The political battle has also spread through intellectuals like Arturo Pérez-Reverte or Mario Vargas Llosa, who following the path of Francisco de Quevedo have become maximum exponents of the anticatalanismo; A position well known for the construction of Spanish national discourse and even has situations as surreal as the text of the vice-secretary for political coordination of the PP in Andalusia, Toni Martín Iglesias, whose name became viral in social networks after a visit to Catalonia and Commented the following:
I leave Catalonia without having achieved it, I confess. No matter how much I have looked for it, I have had no luck [...]. I came looking for that (we all have a friend that has happened to him) that you say good morning and he answers in Catalan, and you say "sorry, I do not understand" and he continues to speak in Catalan. But I have not found it [...]. I was also looking for someone who does not look at you or does it with a face of disgust (we all have a friend that has happened) when you see that you are from another part of Spain. But hey, no trace [...]. I left with my Girona family after six days without having found more than friendly people (very friendly), and nice (very nice) [...] we have received more smiles and education than in a long time.
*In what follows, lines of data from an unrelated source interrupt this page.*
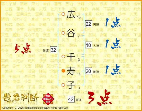広(15画)谷(7画) 千(3画)寿(14画)子(3画)
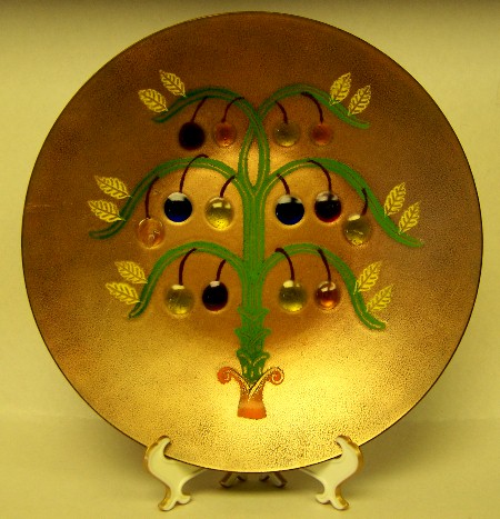 Value : $30 - $35 This plate is 10" with a gold color field and a stylized tree of leaves & hanging fruit made in high relief. The 8" size has the same tree, but it has a purple color field. The rear side of this plate is untitled and it has a paper label marked Made in California by Alexander. The multi-color fruits in high-relief were a signature element in many of Alexander's plates.
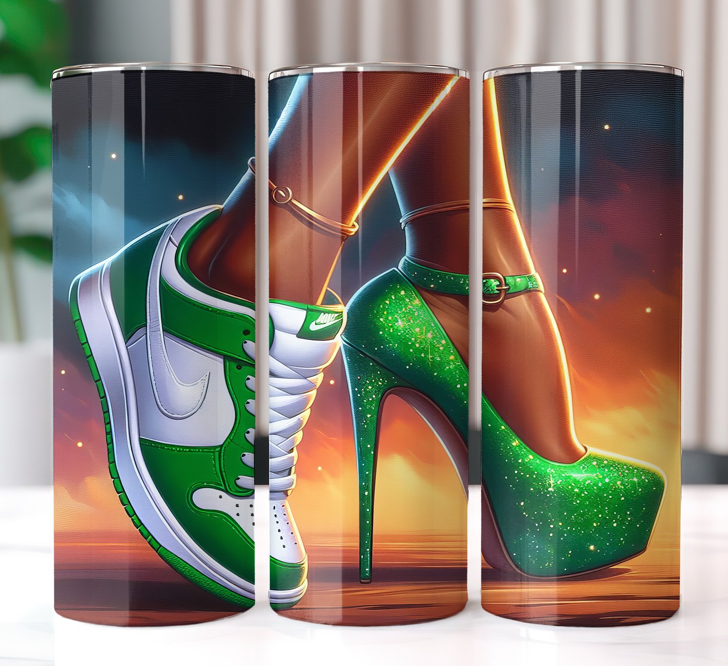This bold and glamorous tumbler design features a sparkling glitter stiletto on one side and a green sneaker on the other—perfect for the fashion-forward babe who rocks every step.
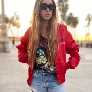 CLASSIC SATIN DARE BOMBER JACKET WITH SCREEN PRINTED LOGO ON BACK
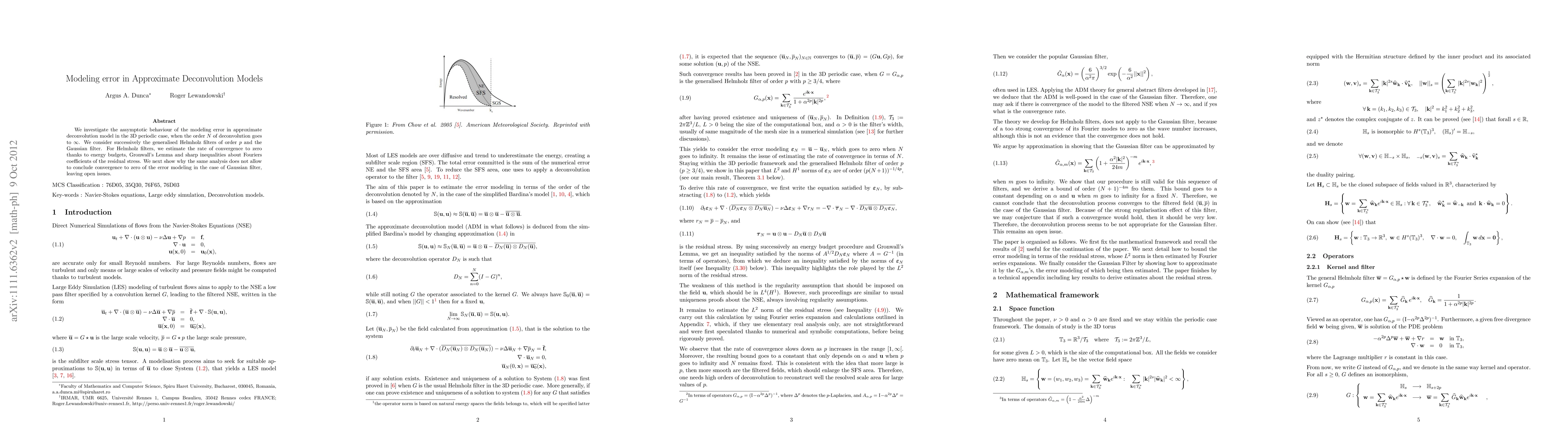 We investigate the assymptotic behaviour of the modeling error in approximate deconvolution model in the 3D periodic case, when the order $N$ of deconvolution goes to $\infty$. We consider successively the generalised Helmholz filters of order $p$ and the Gaussian filter. For Helmholz filters, we estimate the rate of convergence to zero thanks to energy budgets, Gronwall's Lemma and sharp inequalities about Fouriers coefficients of the residual stress. We next show why the same analysis does not allow to conclude convergence to zero of the error modeling in the case of Gaussian filter, leaving open issues.
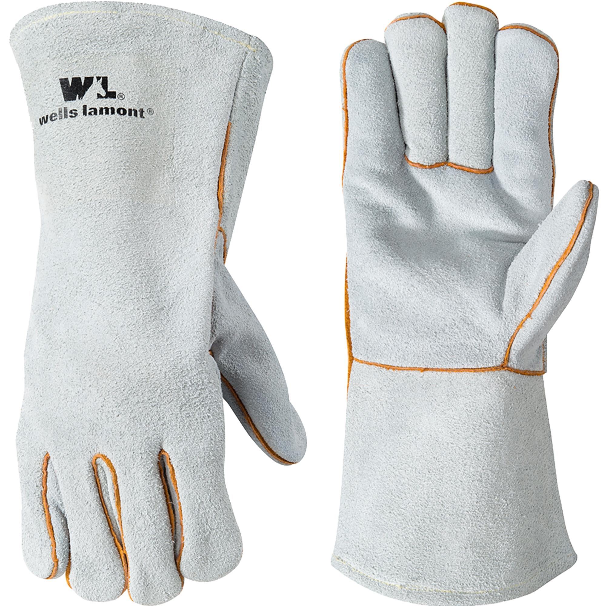 Durable split cowhide gloves, sewn with kevlar thread and featuring welted seams, offer robust protection and heat resistance. Ideal for welding, camping, and outdoor cooking.
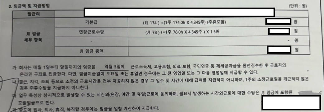 계약서에 별도 휴일근로수당이 잡혀 있지 않은 경우이므로 근로자의 날이나 법정공휴일 근무시 휴일근로에 대한
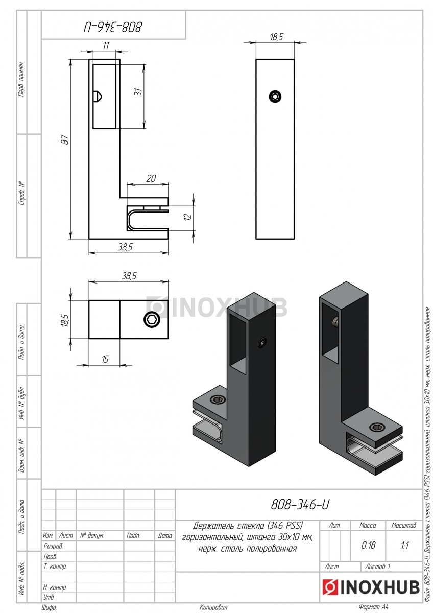 Держатель стекла (346 PSS) горизонтальный, штанга 30×10 мм, нерж. сталь полированная, в соответствии отраслевым стандартам из коррозионно-стойкого материала. Изделие применяется в составе металлических, стеклянных или комбинированных конструкций, где важны точные размеры, прочность соединений и стабильность в эксплуатации. Может использоваться при внутреннем и наружном монтаже — в зависимости от поставленной задачи и совместимых компонентов.
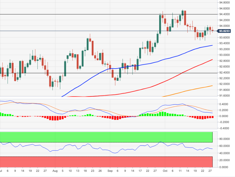 US Dollar Index (DXY) rebound aim for another battle with the 94.00 threshold during early Thursday. The greenback gauge dropped for the first time in three days the previous day as cautious sentiment weighed on the US Treasury yields. However, the following recovery moves fail to regain traction amid a wait-and-watch mode of the markets ahead of the preliminary US Q3 GDP and monetary policy meeting of the European Central Bank (ECB).
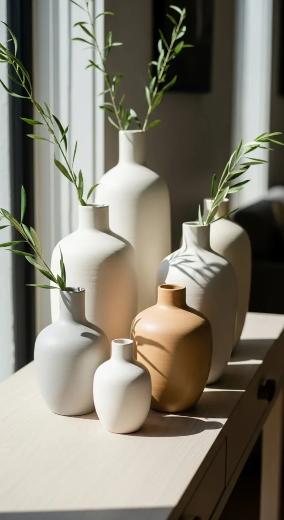 Matte sculptural pieces feel timeless because they rely on shape, not trend. They sit comfortably in almost any neutral space.
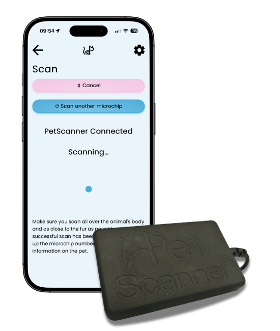 Simply pair a PetScanner with our free app on your smartphone to get scanning. Upon scanning a pet, the app will display the microchip number as well as other information depending on these 3 possible scenarios:
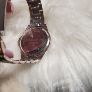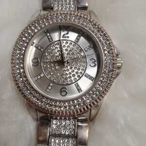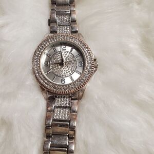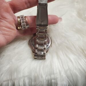 Accutime silver stainless steel and rhinestone embellished watch
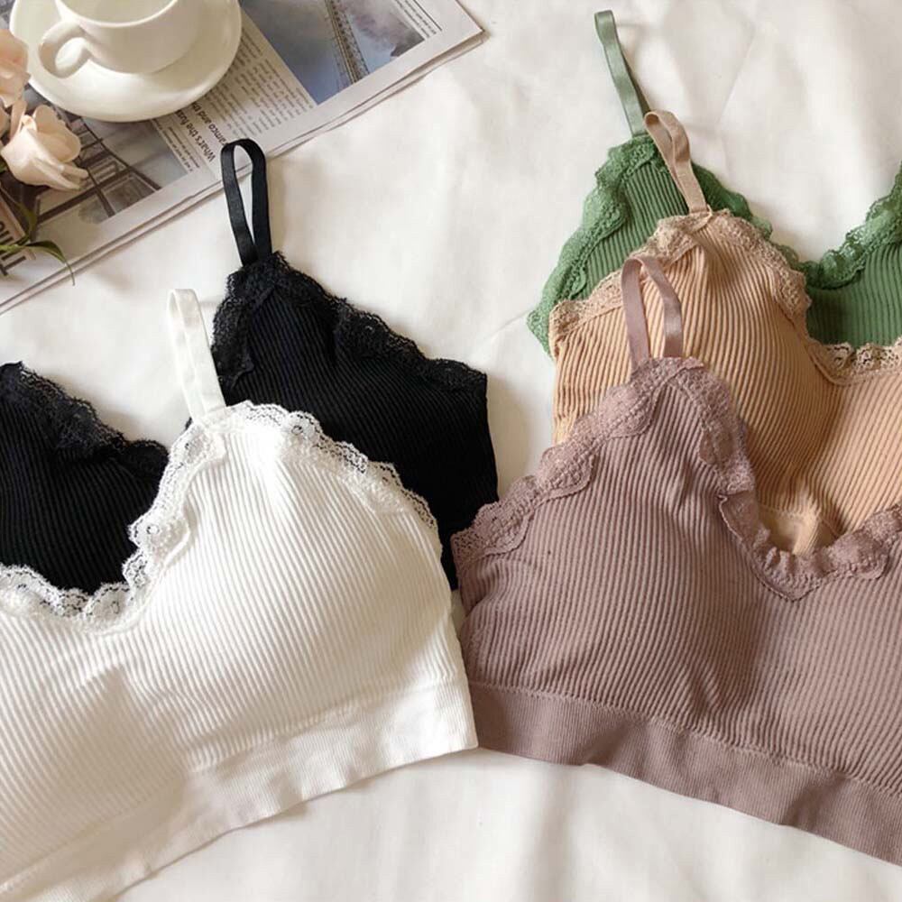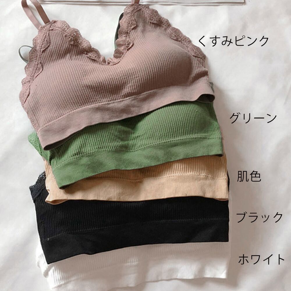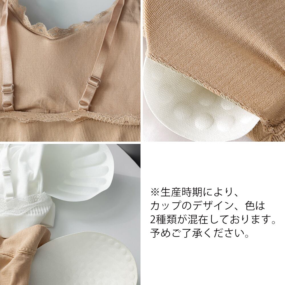 レディース パッド付き ノンワイヤー キャミブラ レースインナー リブベアトップ ストレスフリー

Done that coincides with an admirer of Catalunya, as Azorín was, who in the newspaper El Progreso in 1898 wrote:
Every time I admire more Catalonia. The stature of a people, of an age, by its eminent men, by the number of its geniuses in the sciences, in the arts, in the letters is not measured; Is measured by mass, by the people, by the class that works and produces. The Catalan land is admirable for that [...]. Catalonia, true, is a separate people; Nothing has in common with other Spanish regions, nor history, nor language, nor literature, nor customs. It is an independent, morally independent nation.3
As Catalan does not cease to worry about the situation that my land of birth lives, and although there have been no outbreaks of violence, which many would wish to be able to intervene beyond the dialectical attacks, it is logical to think that if the aspiration for independence Will not be without conflicts given the existing disagreements, although the preferable thing would be that the confrontations only occurred in the political scope. The latter would show the civility of this public process that, without being certain yet, has been exhibited through exemplary behavior in the massive demonstrations of September 11 of recent years.
What happens in Catalonia will also be, without a doubt, a new indication of how the old Europe is constantly rebuilt through the unification or fragmentation of its territories. A history repeated for centuries and, therefore, should not frighten believers in the unification of territories as the only solution for the survival of modern States. In fact, the last decades have shown this in the continent.